◆ Required work ◆
Everything in the listing should be copied exactly, save for the pictures.

◆ Dataset excerpt ◆
********
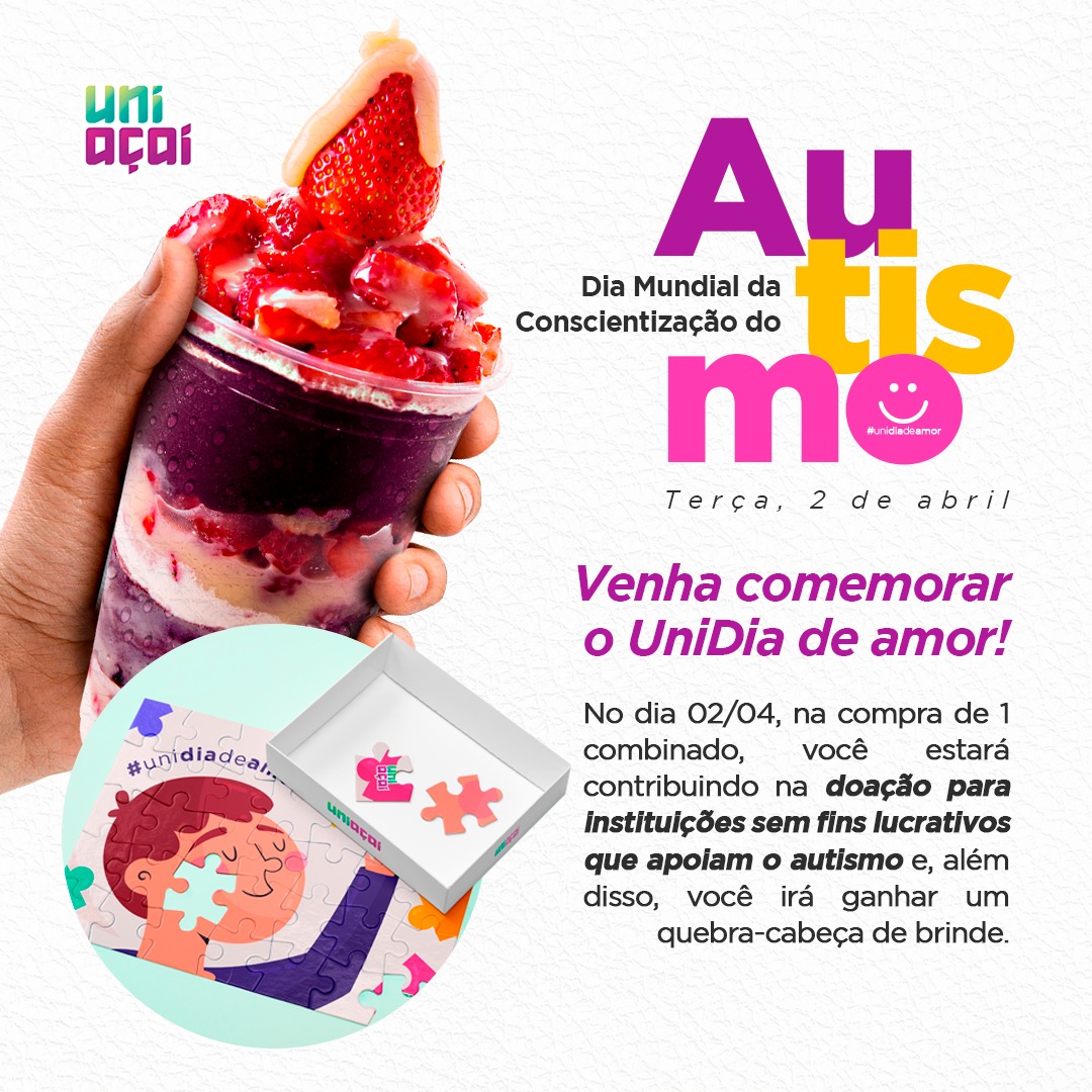A Uniaçaí Adamantina promove nesta terça-feira (2), Dia Mundial de Conscientização sobre o Autismo, uma ação especial para ampliar informações e conscientização sobre o tema. No dia de hoje, na compra do item da campanha – Copo Uniaçaí de 500ml ou 70 ml – o cliente ganha um quebra cabeça e parte da renda será revertido a instituições que atuam no cuidado à pessoa autista (assista).
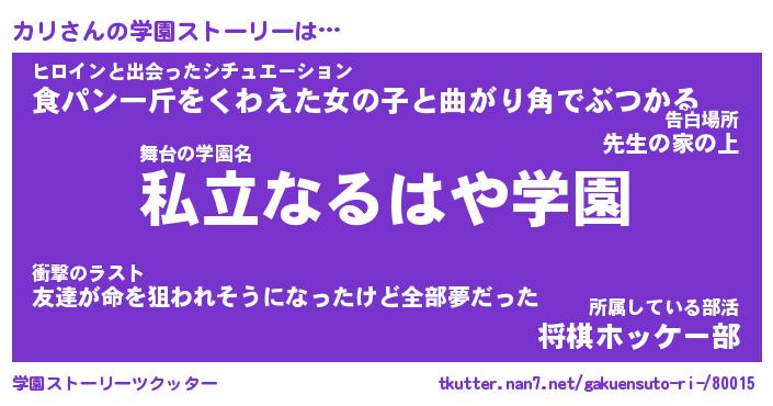 | 男性向けラノベタイトル風あだ名 | 『カリの憂鬱』『ノーゲーム・ノーカリ』 |
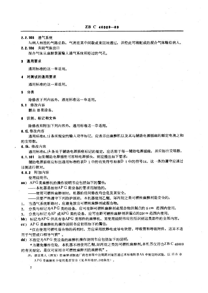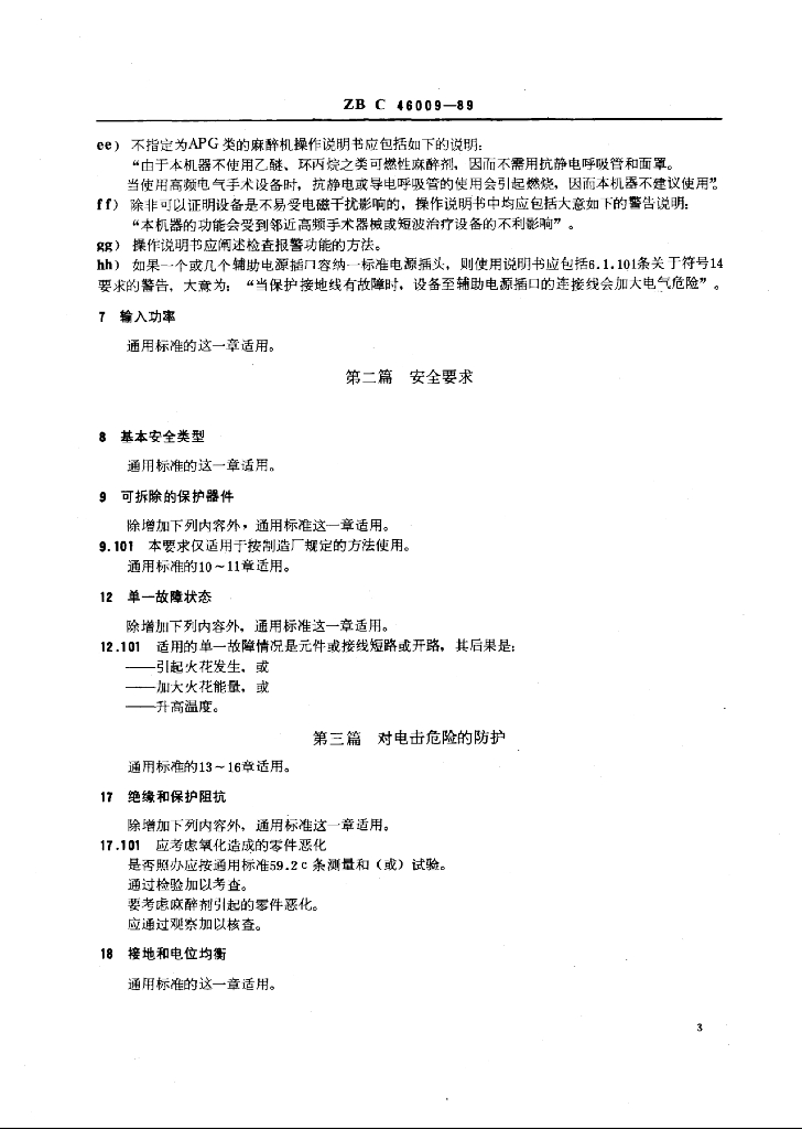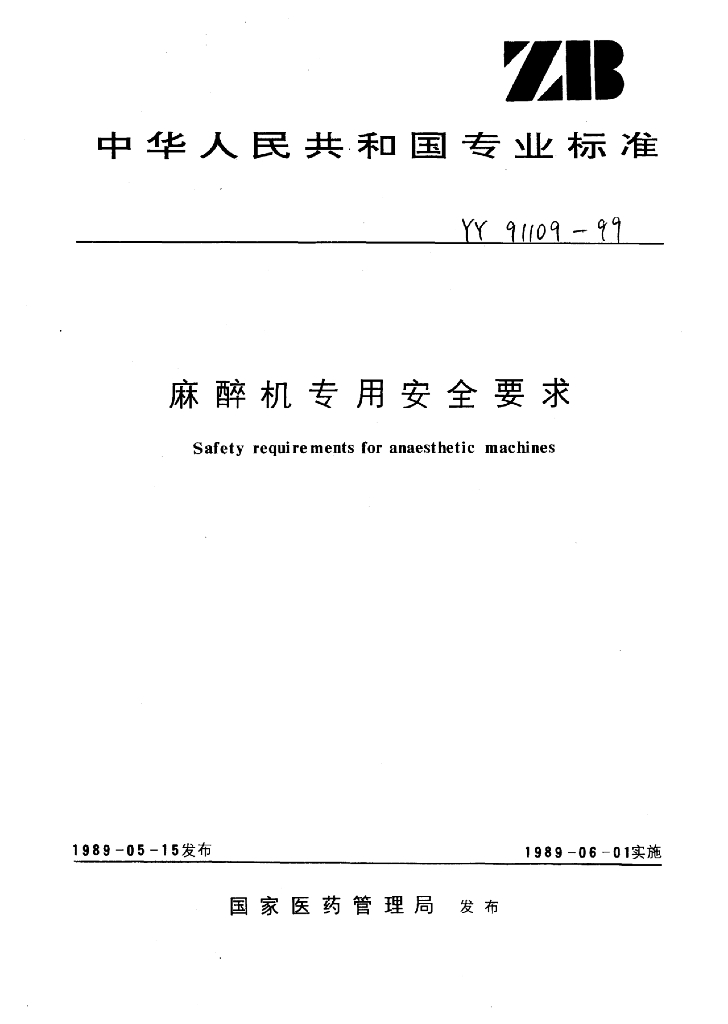 YY 91109-1999 麻醉机专用安全要求
********
◆ Answer to this task ◆
A Uniaçaí Adamantina promove nesta terça-feira (2), Dia Mundial de Conscientização sobre o Autismo, uma ação especial para ampliar informações e conscientização sobre o tema. No dia de hoje, na compra do item da campanha – Copo Uniaçaí de 500ml ou 70 ml – o cliente ganha um quebra cabeça e parte da renda será revertido a instituições que atuam no cuidado à pessoa autista (assista).
 | 男性向けラノベタイトル風あだ名 | 『カリの憂鬱』『ノーゲーム・ノーカリ』 |
 YY 91109-1999 麻醉机专用安全要求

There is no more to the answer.